# TASK GOAL
Look through the listing below for the line with "这项数据衡量了道曼在这场急需" and the line with "2019 และปัญหาด้านสาธารณสุขอื่น ๆ". Copy both, along with every line between them, exactly and with no pictures.

# EXERCISE INPUTS
---*---

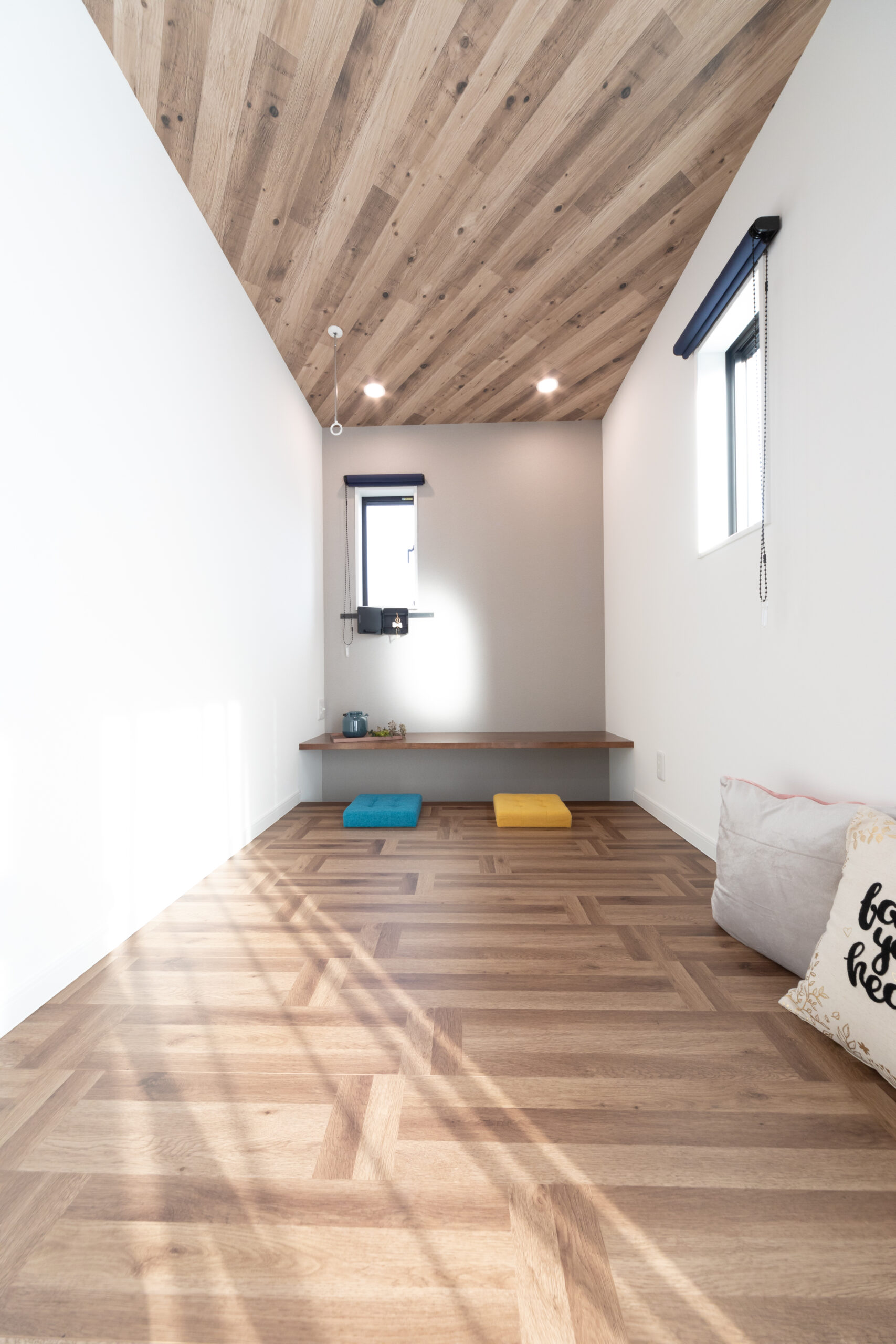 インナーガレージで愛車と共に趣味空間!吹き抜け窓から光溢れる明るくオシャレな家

---*---

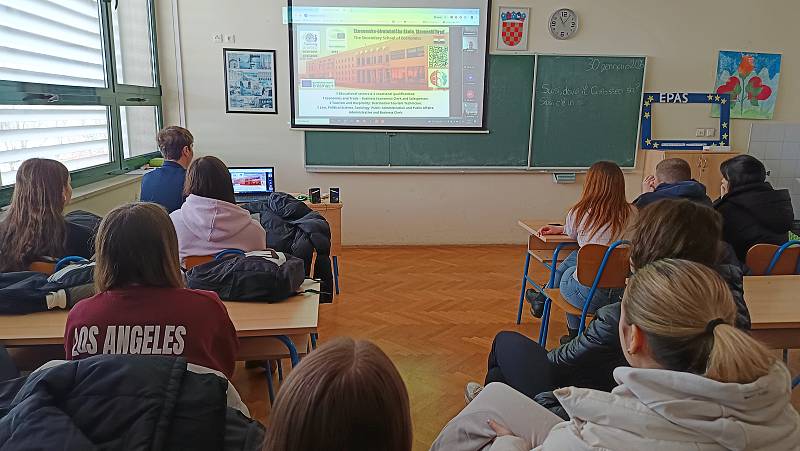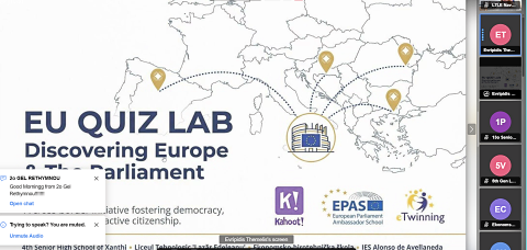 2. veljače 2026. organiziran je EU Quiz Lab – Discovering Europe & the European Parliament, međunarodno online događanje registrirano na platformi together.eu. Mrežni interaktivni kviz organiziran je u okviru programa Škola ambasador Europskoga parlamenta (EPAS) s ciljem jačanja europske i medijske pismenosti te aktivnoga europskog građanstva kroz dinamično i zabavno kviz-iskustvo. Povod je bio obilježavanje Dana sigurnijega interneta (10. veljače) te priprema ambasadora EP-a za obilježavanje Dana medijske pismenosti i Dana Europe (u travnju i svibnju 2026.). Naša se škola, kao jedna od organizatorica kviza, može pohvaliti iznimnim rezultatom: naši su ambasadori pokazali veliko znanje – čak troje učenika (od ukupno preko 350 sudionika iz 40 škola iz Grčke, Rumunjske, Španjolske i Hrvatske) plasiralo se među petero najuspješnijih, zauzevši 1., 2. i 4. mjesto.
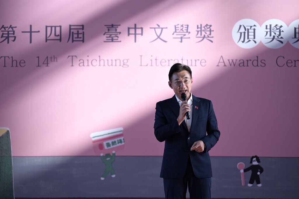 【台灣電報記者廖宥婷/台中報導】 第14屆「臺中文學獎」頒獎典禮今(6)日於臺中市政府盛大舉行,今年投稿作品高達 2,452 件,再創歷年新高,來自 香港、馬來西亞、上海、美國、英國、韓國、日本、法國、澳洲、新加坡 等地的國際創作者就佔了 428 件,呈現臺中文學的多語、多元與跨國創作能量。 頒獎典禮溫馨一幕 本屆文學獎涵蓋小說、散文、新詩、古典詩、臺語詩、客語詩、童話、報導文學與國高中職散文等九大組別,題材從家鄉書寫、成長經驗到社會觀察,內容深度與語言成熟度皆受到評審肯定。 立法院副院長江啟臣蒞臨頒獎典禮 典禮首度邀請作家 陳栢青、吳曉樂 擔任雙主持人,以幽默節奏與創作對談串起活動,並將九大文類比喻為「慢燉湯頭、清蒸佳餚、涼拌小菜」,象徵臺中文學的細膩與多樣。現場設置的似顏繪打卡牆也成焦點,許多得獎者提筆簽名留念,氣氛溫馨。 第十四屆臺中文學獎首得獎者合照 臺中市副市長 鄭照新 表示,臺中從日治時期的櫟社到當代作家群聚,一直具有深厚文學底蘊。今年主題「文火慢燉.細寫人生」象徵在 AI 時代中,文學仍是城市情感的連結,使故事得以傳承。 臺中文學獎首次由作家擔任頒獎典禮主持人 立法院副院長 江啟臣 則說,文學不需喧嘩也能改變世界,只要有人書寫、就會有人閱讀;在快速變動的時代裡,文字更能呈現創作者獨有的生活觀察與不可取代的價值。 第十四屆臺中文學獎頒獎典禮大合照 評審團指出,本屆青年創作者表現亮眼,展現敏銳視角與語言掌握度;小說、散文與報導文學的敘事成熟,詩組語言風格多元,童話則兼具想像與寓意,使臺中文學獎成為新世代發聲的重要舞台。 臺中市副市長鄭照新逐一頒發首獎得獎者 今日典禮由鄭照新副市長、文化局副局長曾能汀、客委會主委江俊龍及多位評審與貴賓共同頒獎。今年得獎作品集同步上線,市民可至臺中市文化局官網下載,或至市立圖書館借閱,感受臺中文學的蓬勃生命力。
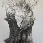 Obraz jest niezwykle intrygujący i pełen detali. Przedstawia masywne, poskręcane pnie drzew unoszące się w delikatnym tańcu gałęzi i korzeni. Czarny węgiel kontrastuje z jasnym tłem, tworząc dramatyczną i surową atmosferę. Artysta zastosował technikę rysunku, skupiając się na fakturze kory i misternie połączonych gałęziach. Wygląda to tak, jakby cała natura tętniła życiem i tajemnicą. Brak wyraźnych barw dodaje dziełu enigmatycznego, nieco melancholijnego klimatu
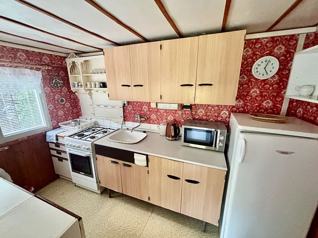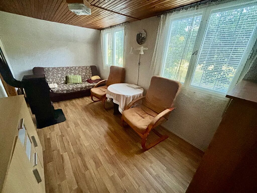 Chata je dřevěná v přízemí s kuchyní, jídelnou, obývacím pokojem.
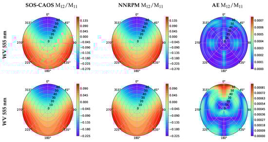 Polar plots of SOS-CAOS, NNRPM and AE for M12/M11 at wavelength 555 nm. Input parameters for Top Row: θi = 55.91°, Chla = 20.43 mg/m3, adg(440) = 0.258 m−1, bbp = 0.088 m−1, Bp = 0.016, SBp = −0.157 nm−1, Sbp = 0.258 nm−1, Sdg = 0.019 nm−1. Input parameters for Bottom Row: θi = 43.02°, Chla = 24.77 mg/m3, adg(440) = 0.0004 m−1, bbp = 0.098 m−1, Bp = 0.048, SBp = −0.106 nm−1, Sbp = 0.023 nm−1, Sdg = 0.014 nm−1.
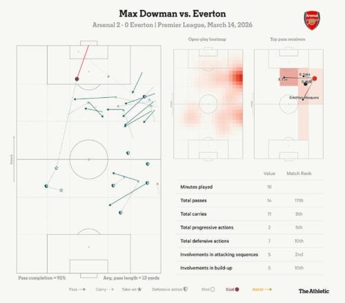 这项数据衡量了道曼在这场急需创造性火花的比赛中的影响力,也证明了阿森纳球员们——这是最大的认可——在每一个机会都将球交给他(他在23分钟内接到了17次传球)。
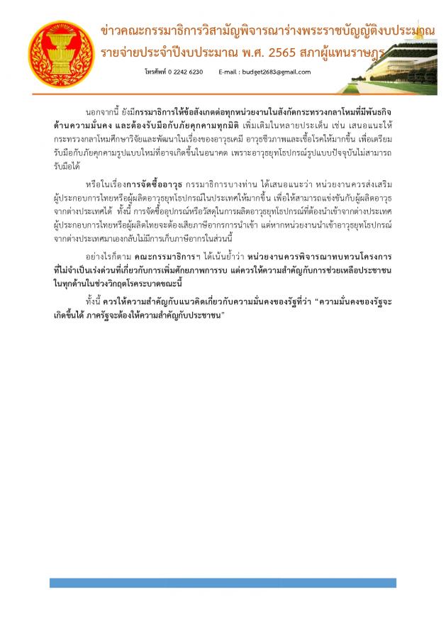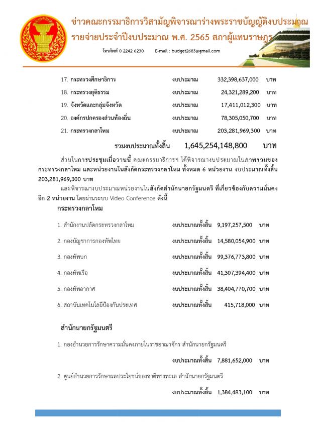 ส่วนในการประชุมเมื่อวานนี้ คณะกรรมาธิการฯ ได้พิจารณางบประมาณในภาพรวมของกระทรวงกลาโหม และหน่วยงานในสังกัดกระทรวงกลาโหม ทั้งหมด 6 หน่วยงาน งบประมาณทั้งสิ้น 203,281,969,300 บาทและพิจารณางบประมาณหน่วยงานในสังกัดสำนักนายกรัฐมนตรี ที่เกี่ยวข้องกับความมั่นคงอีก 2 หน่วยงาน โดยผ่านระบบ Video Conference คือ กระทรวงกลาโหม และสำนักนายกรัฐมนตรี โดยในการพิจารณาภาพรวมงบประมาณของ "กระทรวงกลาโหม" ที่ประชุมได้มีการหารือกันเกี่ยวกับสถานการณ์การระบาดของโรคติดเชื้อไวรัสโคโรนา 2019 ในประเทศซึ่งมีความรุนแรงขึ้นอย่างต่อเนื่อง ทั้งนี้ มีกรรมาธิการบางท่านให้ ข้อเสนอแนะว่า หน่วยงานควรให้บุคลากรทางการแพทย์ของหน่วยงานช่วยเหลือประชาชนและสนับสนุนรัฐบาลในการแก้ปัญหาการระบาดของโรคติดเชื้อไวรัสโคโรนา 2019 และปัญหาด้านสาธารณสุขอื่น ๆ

---*---

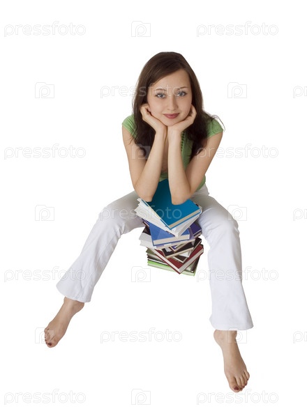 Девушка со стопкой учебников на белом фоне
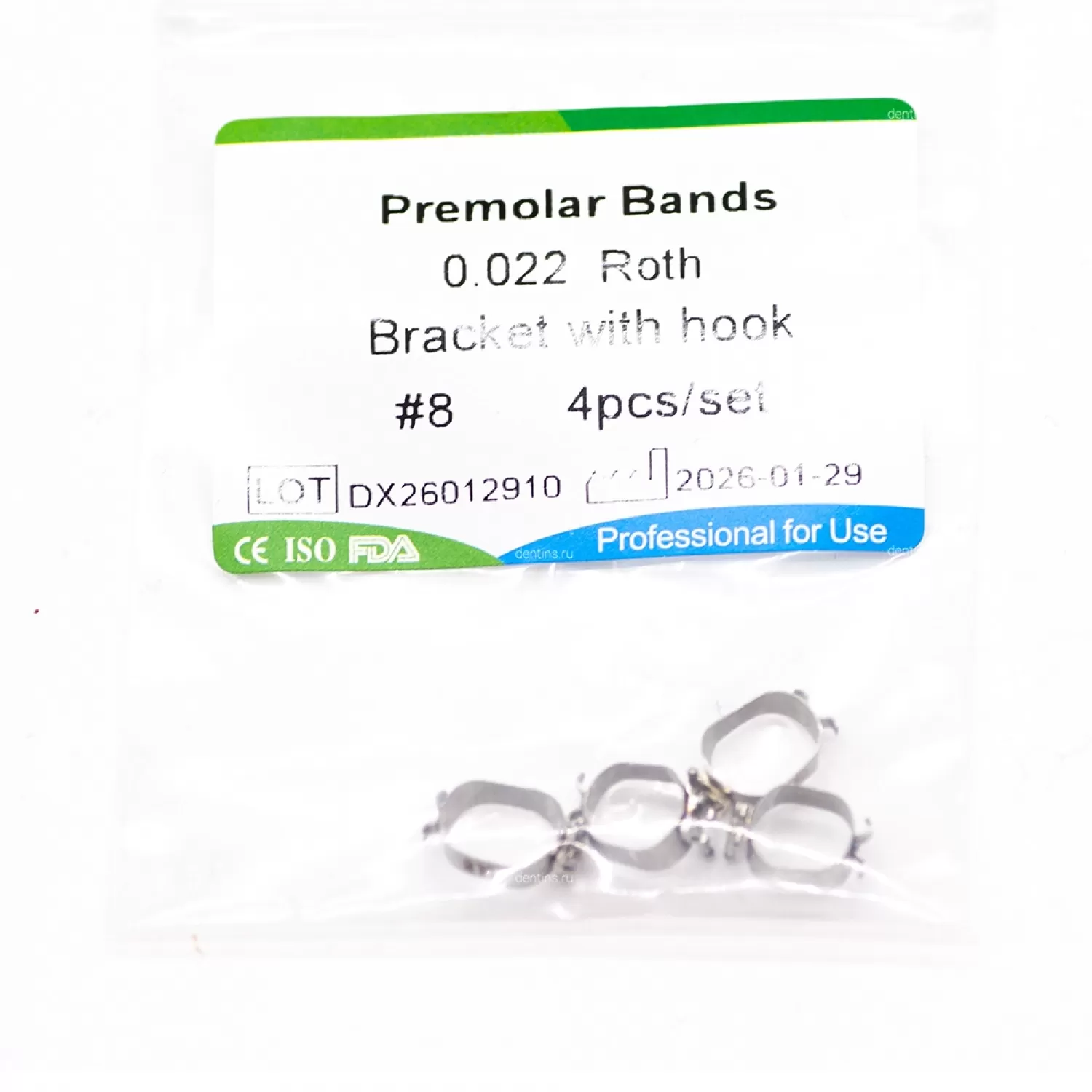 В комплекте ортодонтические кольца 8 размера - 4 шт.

---*---

# SOLUTION FOR THIS PROBLEM
 这项数据衡量了道曼在这场急需创造性火花的比赛中的影响力,也证明了阿森纳球员们——这是最大的认可——在每一个机会都将球交给他(他在23分钟内接到了17次传球)。
 ส่วนในการประชุมเมื่อวานนี้ คณะกรรมาธิการฯ ได้พิจารณางบประมาณในภาพรวมของกระทรวงกลาโหม และหน่วยงานในสังกัดกระทรวงกลาโหม ทั้งหมด 6 หน่วยงาน งบประมาณทั้งสิ้น 203,281,969,300 บาทและพิจารณางบประมาณหน่วยงานในสังกัดสำนักนายกรัฐมนตรี ที่เกี่ยวข้องกับความมั่นคงอีก 2 หน่วยงาน โดยผ่านระบบ Video Conference คือ กระทรวงกลาโหม และสำนักนายกรัฐมนตรี โดยในการพิจารณาภาพรวมงบประมาณของ "กระทรวงกลาโหม" ที่ประชุมได้มีการหารือกันเกี่ยวกับสถานการณ์การระบาดของโรคติดเชื้อไวรัสโคโรนา 2019 ในประเทศซึ่งมีความรุนแรงขึ้นอย่างต่อเนื่อง ทั้งนี้ มีกรรมาธิการบางท่านให้ ข้อเสนอแนะว่า หน่วยงานควรให้บุคลากรทางการแพทย์ของหน่วยงานช่วยเหลือประชาชนและสนับสนุนรัฐบาลในการแก้ปัญหาการระบาดของโรคติดเชื้อไวรัสโคโรนา 2019 และปัญหาด้านสาธารณสุขอื่น ๆ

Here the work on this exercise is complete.